Je ne suis pas contre le recrutement de nos jeunes, mais, ce qui me révolte est le suivant :
' Les 17 mille nouveaux employés recrutés par Ben Salem au ministère de l'Agriculture n'ont aucun rendement puisqu'ils sont chez eux, tout en percevant leur salaire; le ministère de l'Agriculture n'a aucunement besoin de ce recrutement massif, abusif et stupide,
' Les 17 mille nouveaux employés recruté par Ben Salem au ministère de l'Agriculture sont, exception aucune, des fidèles du parti Ennahdha.

A partir de là, je comprends parfaitement bien la colère de nos jeunes et la faillite de mon pays.

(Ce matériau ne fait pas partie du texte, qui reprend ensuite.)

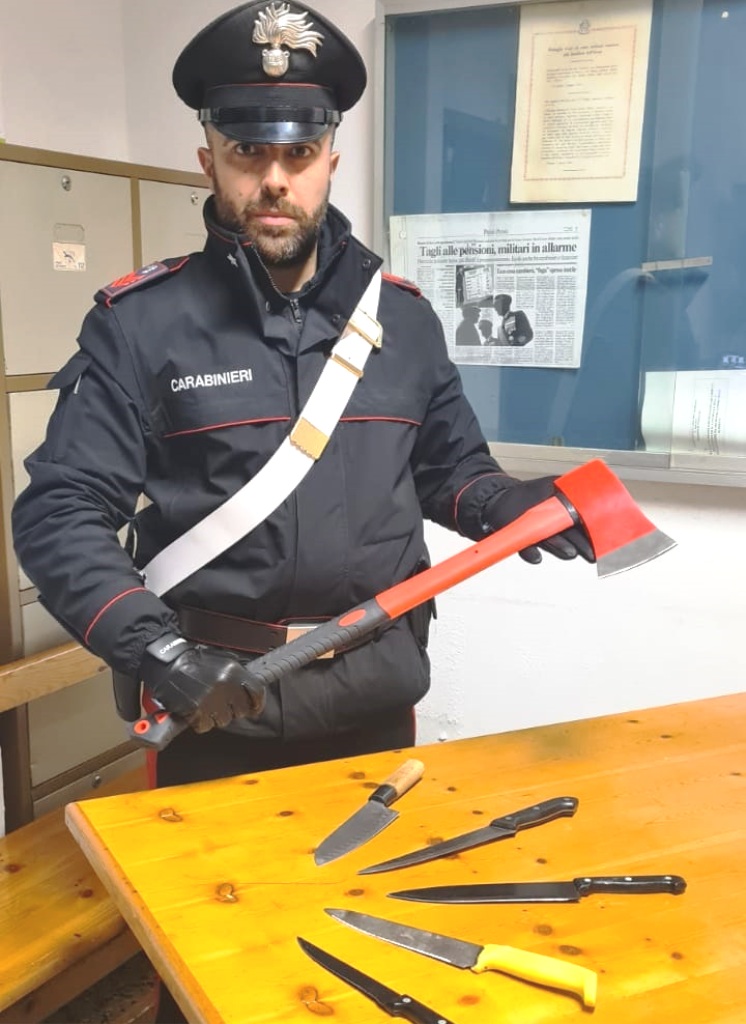 L’ascia, della lunghezza di cm.70 e peso di 1,4 kg acquistata poco prima in un negozio della zona, è stata sequestrata insieme a 5 coltelli da cucina di grosse dimensioni trovati nella sua abitazione a seguito di perquisizione.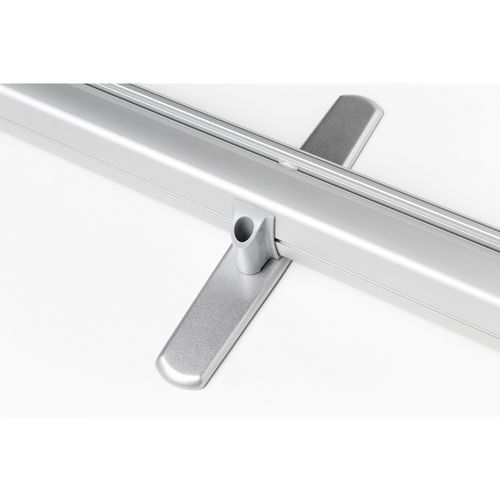 A Roll-Banner Triangle egyedi formájával és kiváló stabilitásával lenyűgöző. A kicsavarható, csúszásgátló bevonatú láb biztonságos használatot biztosít. Az állítható magasság lehetővé teszi, hogy bármilyen környezethez alkalmazkodjon. Nagyszerű megoldás kiállításokra, konferenciákra és promóciós rendezvényekre.

Moralité : tous les ministres Ennahdha sont des Ben Salem.

Hayem
| 22-01-2016 14:15
Nidaa est parti en miettes en conséquence le gouvernement prend de l'eau,ce qui reste à faire : Dezz el bidek y'a Bajbouj.

Jawhar
| 22-01-2016 14:07
C'est l'occasion ou jamais de nettoyer le pays des racailles !
Appliquez le couvre feu et tirez sur tout ce qui bouge !!!

Skywalker
| 22-01-2016 13:50
La passivité de ce gouvernement saute aux yeux même dans leur façon de gérer un méga crise comme celle-ci...

Une loi Martiale s'impose à tous les malfrats et pilleurs de tout bord!

DHEJ
| 22-01-2016 13:42
Nous avons besoin de l'arme LEGALE!

A4
| 22-01-2016 13:34
Somalisation à l'horizon !

Gedeon
| 22-01-2016 13:03
Nous n'avons que trop souffert! Le Tunisien ne peut comprendre le terme démocratie qu'avec le bâton.Pour son salut la Tunisie a besoin d'un régime militaire.